- RECORDED INFORMATION -
::::

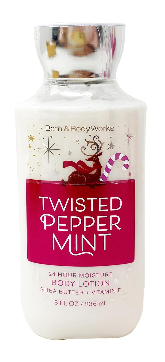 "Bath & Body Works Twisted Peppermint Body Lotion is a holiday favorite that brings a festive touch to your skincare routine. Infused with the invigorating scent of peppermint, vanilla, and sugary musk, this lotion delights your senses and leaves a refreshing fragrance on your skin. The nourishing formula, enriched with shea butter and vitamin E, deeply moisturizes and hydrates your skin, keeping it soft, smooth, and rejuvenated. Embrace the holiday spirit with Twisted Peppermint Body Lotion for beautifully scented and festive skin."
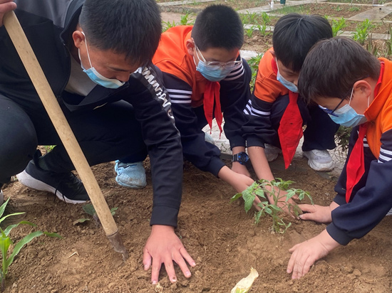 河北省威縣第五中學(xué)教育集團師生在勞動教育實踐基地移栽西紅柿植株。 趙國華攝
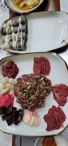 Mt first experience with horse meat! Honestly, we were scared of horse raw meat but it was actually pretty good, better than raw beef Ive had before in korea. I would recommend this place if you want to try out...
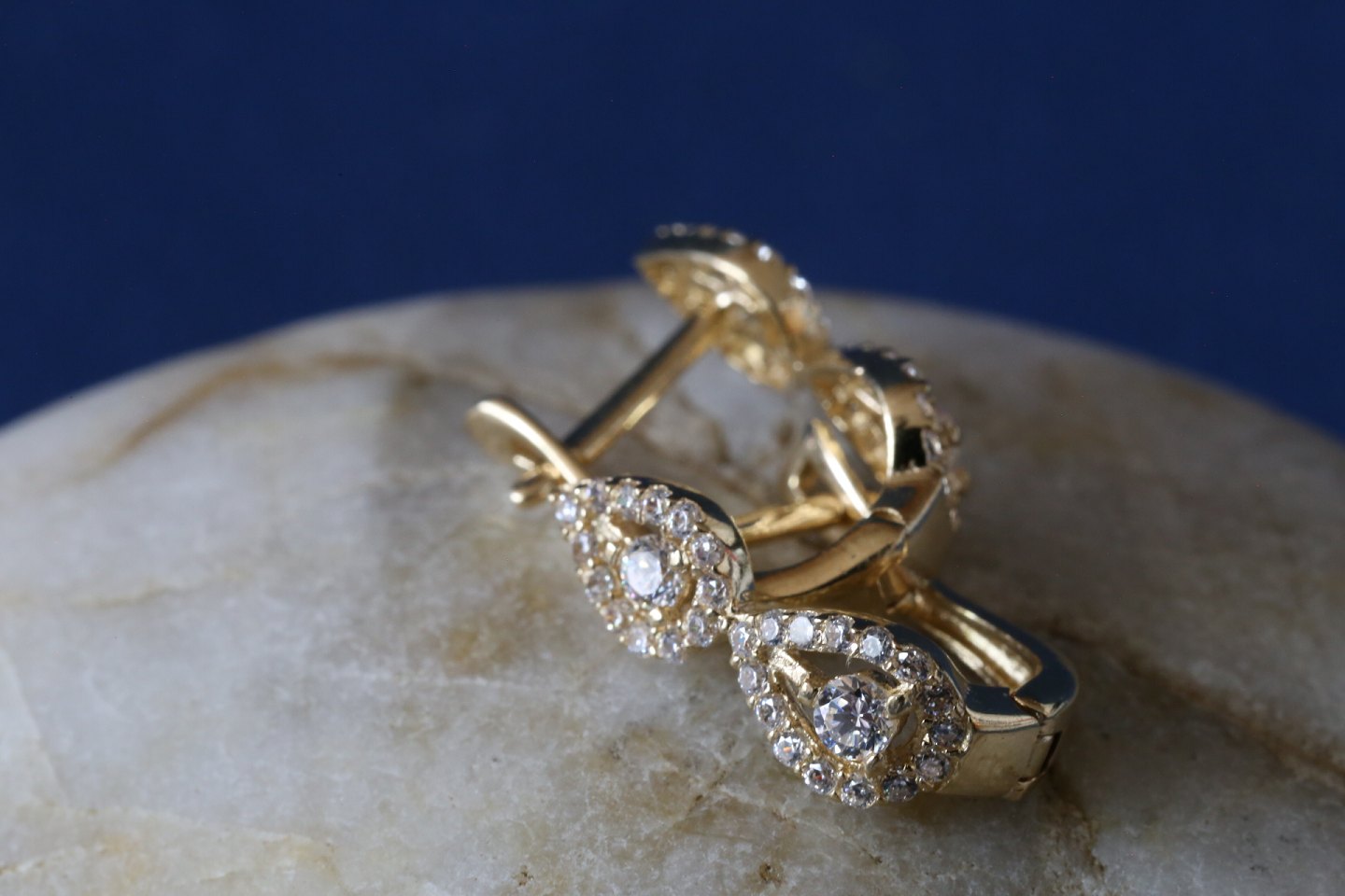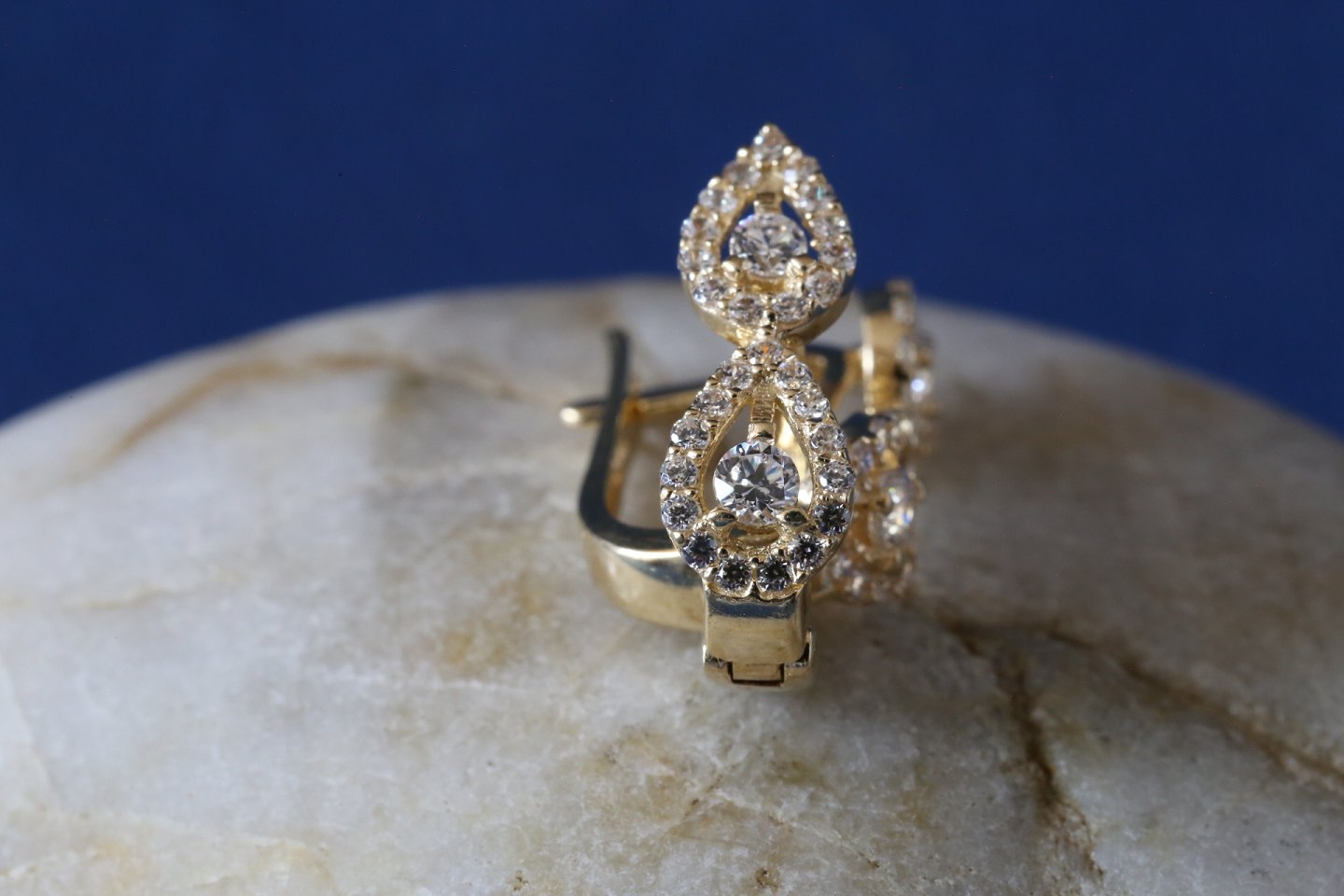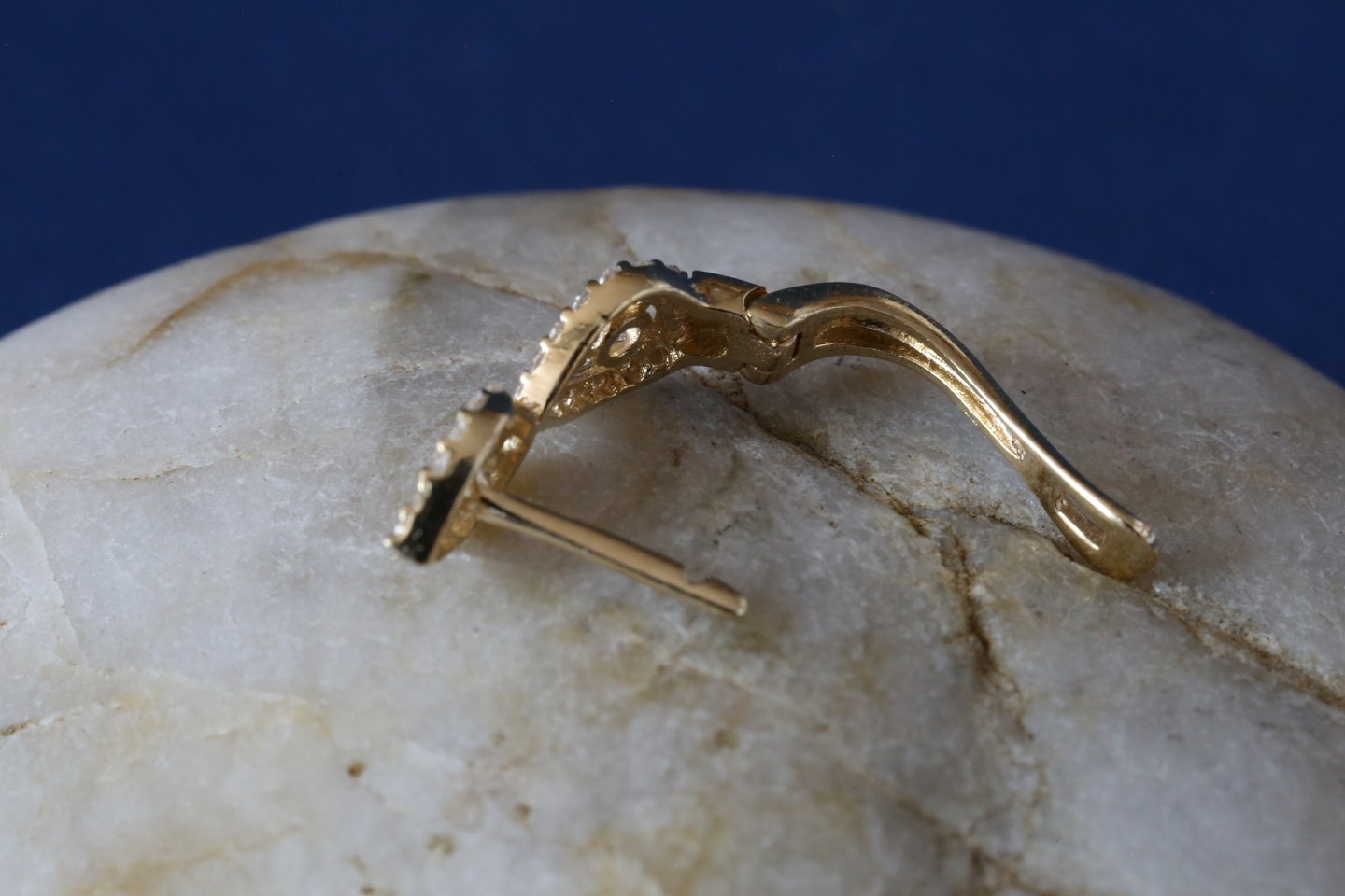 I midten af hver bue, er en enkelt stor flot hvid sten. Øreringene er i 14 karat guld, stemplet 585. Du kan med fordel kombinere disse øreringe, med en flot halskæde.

::::

- EXERCISE INSTRUCTIONS -
Beginning with the line that contains "河北省威縣第五中學(xué)" and ending with the last line of the data, transcribe each line exactly; pictures stay out.

- OUTPUT BELOW -
 河北省威縣第五中學(xué)教育集團師生在勞動教育實踐基地移栽西紅柿植株。 趙國華攝
 Mt first experience with horse meat! Honestly, we were scared of horse raw meat but it was actually pretty good, better than raw beef Ive had before in korea. I would recommend this place if you want to try out...
 I midten af hver bue, er en enkelt stor flot hvid sten. Øreringene er i 14 karat guld, stemplet 585. Du kan med fordel kombinere disse øreringe, med en flot halskæde.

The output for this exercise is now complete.